The substrate provided by the invention can be corroded in an etching solution. After the etching liquid finishes etching the metal film, the substrate below the etched directional passive self-driven pattern can be further etched against, and the directional passive self-driven film with the cantilever structure can be obtained by controlling the etching time. In one implementation of the invention, the substrate is one of a glass sheet, a quartz sheet, and a silicon sheet. Specifically, the substrate is one of substrates such as a glass slide, a silicon wafer and a glass sheet.

The material of the metal film in the invention is a directional passive self-driven pattern layer (heterostructure layer) which can be etched through laser writing and can be etched through wet etching. In one implementation of the invention, the metal thin film is a titanium thin film (Ti thin film). The titanium film can form anti-etching titanium dioxide (TiO) on the surface of the titanium film in the laser etching process₂) That is to say, the surface of the titanium film is provided with the anti-etching directional passive self-driven pattern layer made of the titanium dioxide material, so that selective etching is realized. Moreover, because titanium dioxide has excellent hydrophilicity, the super-hydrophilicity characteristic of the surface of the oriented passive self-driven film prepared by the invention enables surface droplets to be continuous in long range, and the attractive force between droplet molecules enables the droplets to flow towards the driven direction without interruption.

In one embodiment of the present invention, wherein the thickness of the titanium thin film is 20 to 200 nm. Tests prove that the Ti film deposited on the substrate has the thickness of 20-200nm, and the directional passive self-driven film with the overhang cutting edge can be prepared.

In one implementation manner of the present invention, the deposition process used for depositing the metal film on the substrate is one of an ion sputtering deposition process, an electron beam evaporation deposition process, a thermal evaporation deposition process, a laser pulse deposition process, and a magnetron sputtering deposition process. The deposition process of the present invention is directed to forming a metal film on a substrate, and it is understood that the metal film can be formed by other physical vapor deposition processes.

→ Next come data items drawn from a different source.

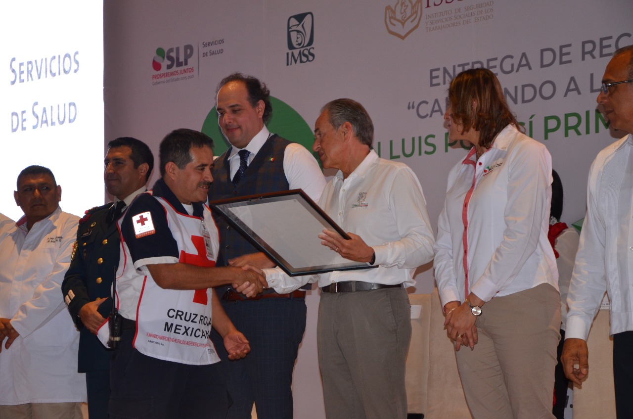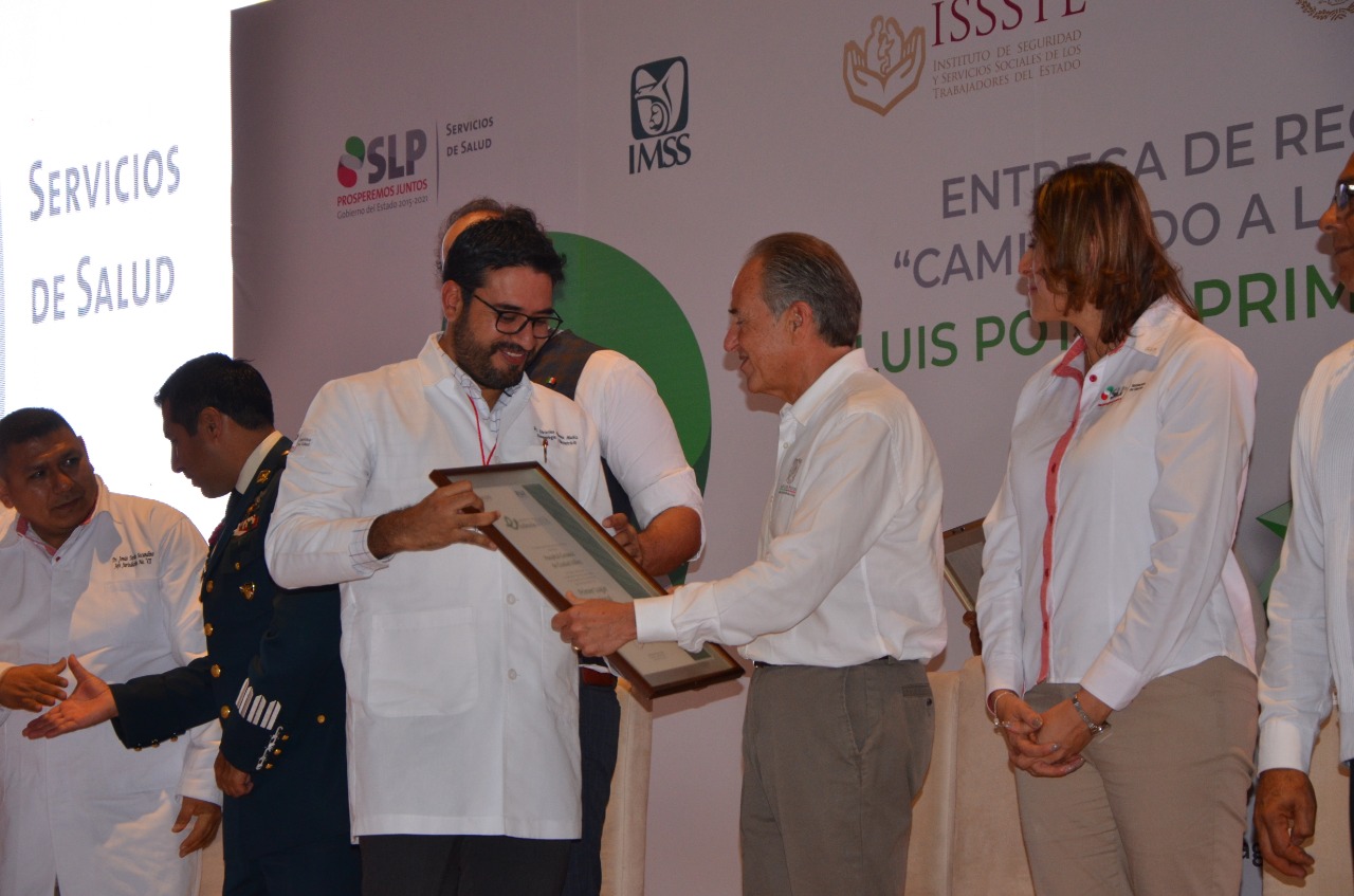 En Ciudad Valles, el Gobernador del Estado, Juan Manuel Carreras López hizo entrega de reconocimientos a las instituciones del Sector Salud, por contribuir a que en 2019 el estado refrendara el Primer Lugar Nacional en los indicadores Caminando a la Excelencia.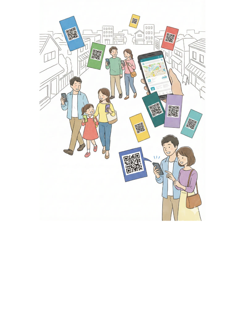 アプリ不要。誰でも簡単にアクセスできるQRコードを入り口に、地域の活性化、地域DXを同時に叶える「しかけ」を提供しています。
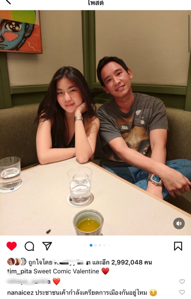 เปิดตัวรับวาเลนไทน์!เมื่อช่วงค่ำเมื่อวันที่ 14.ก.พ.ที่ผ่านมา ทิม พิธา และ ก้อย อรัชพร ก็ทำเซอร์ไพรส์แฟนๆ ด้วยการเปิดตัวในอินสตาแกรมโพสต์ภาพโมเมนต์หวานๆมอบดอกไม้ให้กัน แถมสองครอบครัวเจอหน้ากันแล้ว ขณะที่ชาวเน็ตต่างเข้าไปยินดีกับความรักที่สดใสของทั้งคู่เป็นจำนวนมาก

The laser writing technology aims to write an anti-etching directional passive self-driven pattern on a metal film by a laser scanning method. In one implementation of the invention, the laser writing technology is a laser direct writing technology. Compared with other processing modes, the laser direct writing technology has the characteristics of high flexibility and multi-scale processing, so that the diversity of directional passive self-driven patterns can be increased, and the diversity of droplet control is realized. The invention can also adopt other laser writing systems, and is not limited to the laser direct writing technology.

The invention can control the width of the upper surface of the cantilever structure by controlling the writing parameters. In an implementation manner of the present invention, the writing parameters of the laser direct writing technology are as follows: the laser power is 1-10 mW; the pulse width of the laser is 0.1-10 ms. Further, the writing parameters of the laser direct writing technology are as follows: the laser power is 4 mW; the laser pulse width is 1ms, so that the driving effect of the prepared directional passive self-driven film on liquid drops can reach the best. The invention also finds that the surface width of the cantilever structure is directly related to laser parameters, and the change is not obvious after wet etching, which further indicates that the laser direct writing technology has excellent controllability. The invention selects proper laser writing power during laser writing, thereby achieving the purpose of regulating and controlling the surface wettability of the sample by laser.

In one implementation mode of the invention, the etching liquid for wet etching is a hydrogen fluoride solution (HF solution). Specifically, the hydrogen fluoride solution is an HF diluted solution with the mass percent of 4% -5%. The hydrogen fluoride solution can etch the metal film and can also corrode the substrate to a certain degree.

The invention utilizes the characteristic that HF diluent has isotropic etching on the substrate, and can prepare the directional passive self-driven structure with the suspended beam shape, in particular to the directional passive self-driven structure with the suspended beam shape which is obtained by etching the metal film by the etching liquid and then etching the substrate below the directional passive self-driven pattern for resisting etching. The invention discovers that the wet etching time can influence the etching effect, namely, if the etching time is too long, the etching is excessive, and if the etching time is too short, the etching is insufficient. In one implementation mode of the invention, the time of the wet etching is 10-60 min.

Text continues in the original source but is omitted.